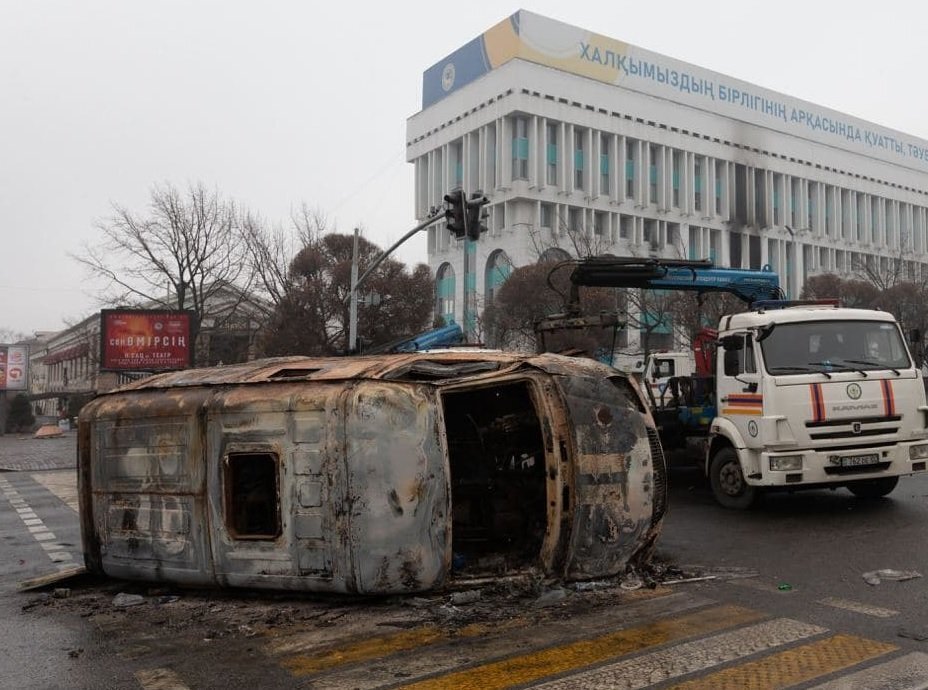 Есть жертвы с обеих сторон. Очевидцы публикуют кадры разрушенного Алма-Аты, сегодня ночью там, а также в некоторых других городах была слышна стрельба.
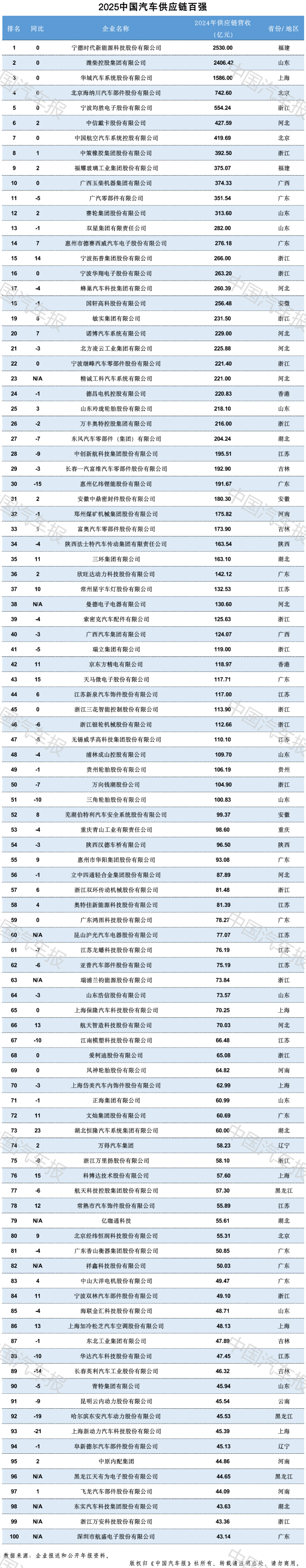 附:全球汽車供應(yīng)鏈百強(qiáng)、中國汽車供應(yīng)鏈百強(qiáng):
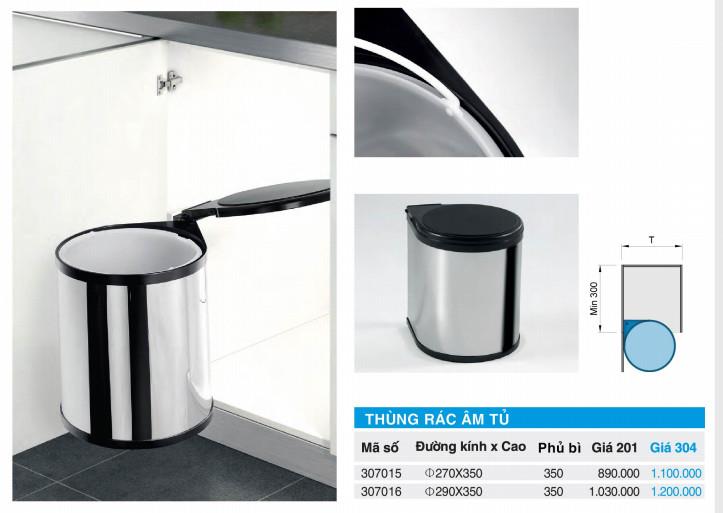 Thùng rác âm tủ bếp: bên ngoài làm bằng inox cao cấp tạo cảm giác sạch bóng; bên trong là thùng chứa bằng nhựa cao cấp dễ dàng lấy ra, vào; nắp đậy bằng nhựa kín đáo, vừa khít. Thùng rác được gắn cố định lên cánh cửa tủ, bạn chỉ cần động tác mở tủ là có thể đưa thùng rác ra ngoài sử dụng thuận tiện.

• _WORK TASK_
Leave every picture out and set down exactly the lines running from the one with "附:全球汽車供應(yīng)" to the last line of the material above.

• _WRITTEN ANSWER_
 附:全球汽車供應(yīng)鏈百強(qiáng)、中國汽車供應(yīng)鏈百強(qiáng):
 Thùng rác âm tủ bếp: bên ngoài làm bằng inox cao cấp tạo cảm giác sạch bóng; bên trong là thùng chứa bằng nhựa cao cấp dễ dàng lấy ra, vào; nắp đậy bằng nhựa kín đáo, vừa khít. Thùng rác được gắn cố định lên cánh cửa tủ, bạn chỉ cần động tác mở tủ là có thể đưa thùng rác ra ngoài sử dụng thuận tiện.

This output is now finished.